How does GROUP BY behave with NULL?

All NULLs in a grouping column collapse into one group. This contradicts strict SQL semantics but is the unanimous convention. For a visible label, wrap the column in COALESCE(col, 'unknown'). To exclude NULLs, add WHERE col IS NOT NULL before the grouping.

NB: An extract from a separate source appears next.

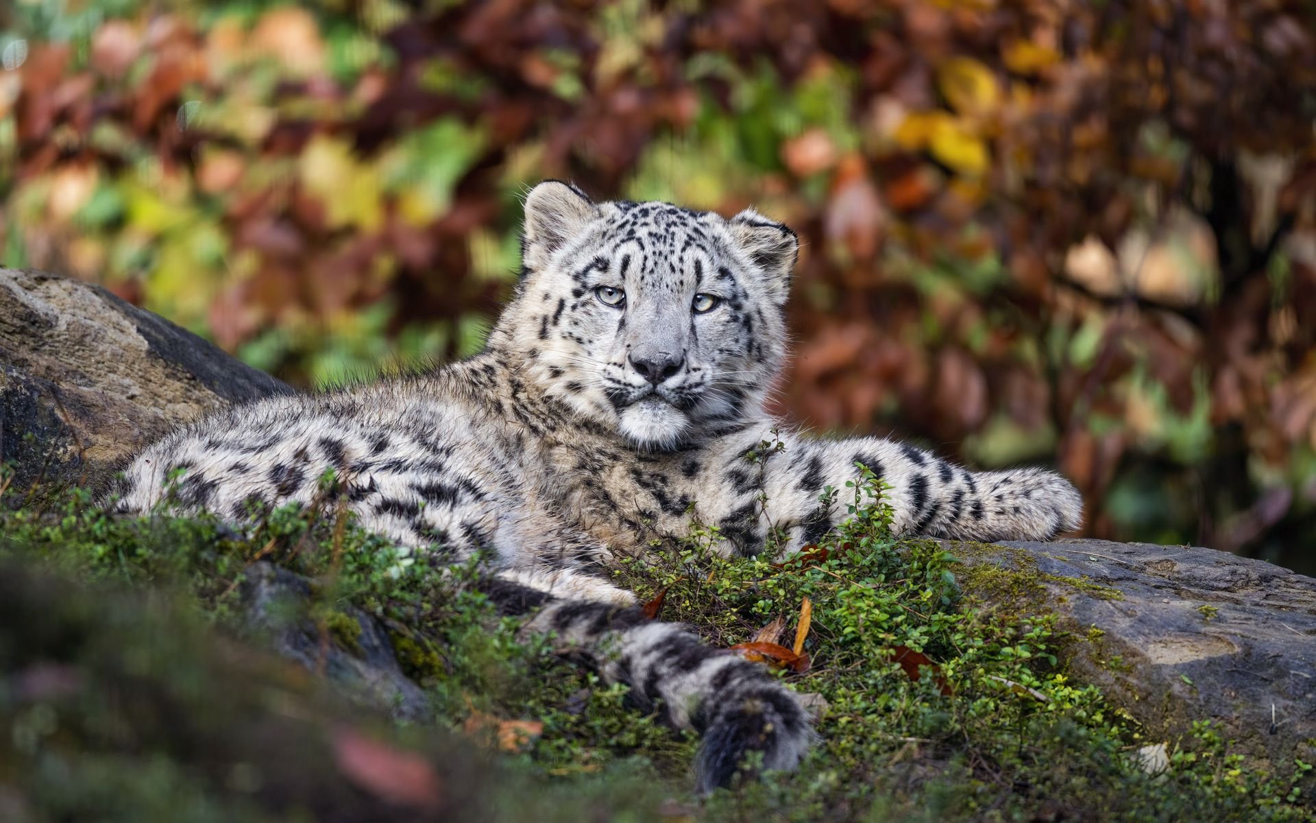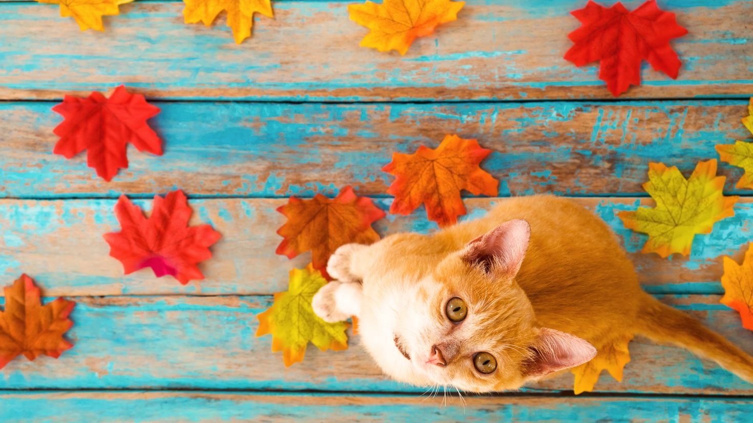 Кошка в осенних листьях

When should I use GROUPING SETS instead of multiple UNION ALL queries?

Whenever the underlying scan is expensive, which is almost always for event-level fact tables. GROUPING SETS scans the source once and reuses the hash table across grouping levels. Four separate UNION ALL selects scan the source four times. The runtime difference is 4x or more on multi-billion-row tables.

Can I reference a SELECT alias in HAVING?

PostgreSQL, MySQL, BigQuery, and Snowflake allow SELECT aliases inside HAVING as a convenience. SQL Server and Oracle do not. For fully portable SQL, repeat the aggregate expression in HAVING.

How do I count distinct values across two columns at once?

Use a tuple: COUNT(DISTINCT (a, b)) works on PostgreSQL and Snowflake. On engines without tuple support, concatenate with an unambiguous delimiter — COUNT(DISTINCT a || '|' || b) — picking one that cannot appear in the values. For very large tables prefer APPROX_COUNT_DISTINCT.